The obvious thing to wonder is what the acronym even means. It is not easy to tell. A lot of people know what it stands for, but not what it means. The first thing I want to do is explain this.
We have a few pieces I will be explaining. There is obviously the Model, the View, and the Controller. One piece a lot of people forget about is the infrastructure. This includes any external resources you might access: databases, files, RSS feeds, etc. Even though the acronym goes MVC, for the purposes of this article I will be going View, Controller, and then Model.
View - What
As anyone who has ever tried to test a web application
knows, it is difficult to test the UI of an application. It is easy to test a method with few dependencies because you can easily just call the method and check the results. With web pages it is quite difficult since you would need to check what html the page is generating. In the case of MVC, the view is not very different from the web forms version. The difference actually comes in how people use them. These views for the most part need to only know about displaying information. Decisions should not be made on the UI. Those decisions should be made elsewhere. Even decisions which will affect UI should be elsewhere and just called from the View.
View - Why
This is a huge advantage to us because we no longer have much to test in the UI. This makes it a lot easier to test the UI because it is a lot less complicated. This makes our tests easier and also has a lot fewer tests we will need in the UI.
Controller - What
The controller is exactly as its name states. The controller takes control of the site. This is where all of the actions logic exits. Actions which users may take using the site are exactly what you will find in the controller. The pages, which users can view, are in here. Forms around the site will post back to these actions in the controller. This is a lot like what used to exist in the web forms. This logic would be contained in the code behind files of the pages.
Controller - Why
As we mentioned before about the view, user interfaces are hard to test. I have also mentioned that we kept a lot of this logic with the UI in the past. By keeping this completely separate the whole time, we are able to keep the view clean of this logic. The controller is actually pretty easy to test. Actions in controllers receive information from the forms when users post to the site. Thanks to bindings, the methods for the actions take parameters which are used to get the data from the user.
When we test these we can pass in the data we want to test as parameters and we are able to look at the result returned from the controller. This allows us to very easily and effectively test the controller and its actions.
Model - What
The model is the connection between the application and the data in the infrastructure. In the model you will define all of your domain objects. This is where entity classes will exist. These classes will define your data. These will include properties of different types as well as probably some logic specifically for working with these classes.

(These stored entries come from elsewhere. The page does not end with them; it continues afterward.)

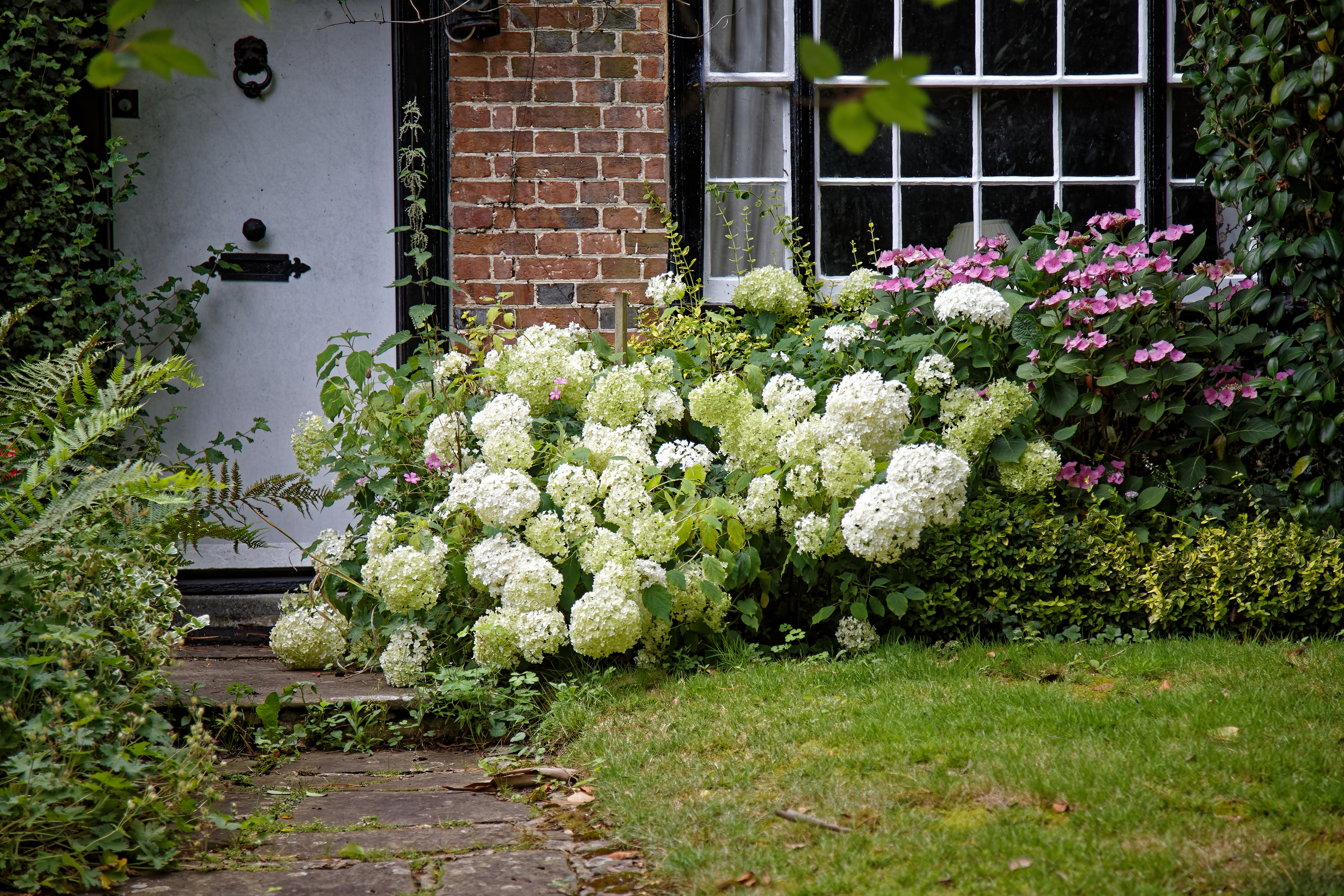 Hydrangea arborescens at an 18th-century house, previously a post office, and Grade II listed as 'The Old Post Office', on Nuthurst Street in the village of Nuthurst, West Sussex, England.According to local knowledge, this is the building that many years ago was watched over from a window in the Black Horse Inn pub, opposite, by a man whose wife visited her lover, the postmaster, whom he subsequently murdered and buried in St Leonard's Forest. The spirit of the murderer has since haunted the pub's window table, apparently still watching over this house for the appearance of his wife. His presence is known by people observing pints of beer and other objects sliding across tables in the same position without human agency: see 'Haunted table' of The Black Horse InnMobile device view: Wikimedia (at August 2019) makes it difficult to immediately view photo groups related to this image. To see its most relevant allied photos, click on Nuthurst, and this uploader's Flowers, and Gardens photos. You can add a beta click-through 'categories' button to the very bottom of photo-pages you view by going to settings... three-bar icon top left.Desktop view: Wikimedia (at August 2019) makes it difficult to immediately view the helpful category links where you can find images related to this one in a variety of ways; for these go to the very bottom of the page.This image is one of a series of date and/or subject allied consecutive photographs kept in progression or location by file name number and/or time marking.Camera: Canon EOS 6D Mark II with Canon EF 24-105mm F4L IS USM lens.Software: File lens-corrected, optimized, perhaps cropped, with DxO PhotoLab Elite, and likely further optimized with Adobe Photoshop CS2.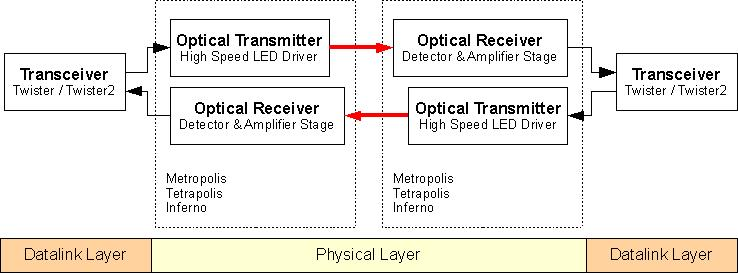 Block diagram of the RONJA system for one full duplex connection. It also shows the OSI layer for the components.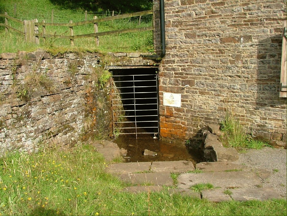 Next to Nenthead Heritage center is Rampgill, a typical mineral mine.

When data needs to be shown to users, it is obtained in the controller and this modeled data is then passed from the controller to the view. The model is where the application is going to get its data.
Model - Why
It just makes sense to keep the data objects and the logic which works with them separate from the rest of the application. I am sure if you know about unit testing, then you know all about the idea of breaking dependencies. Keeping these objects nicely separated allows you to test them more easily.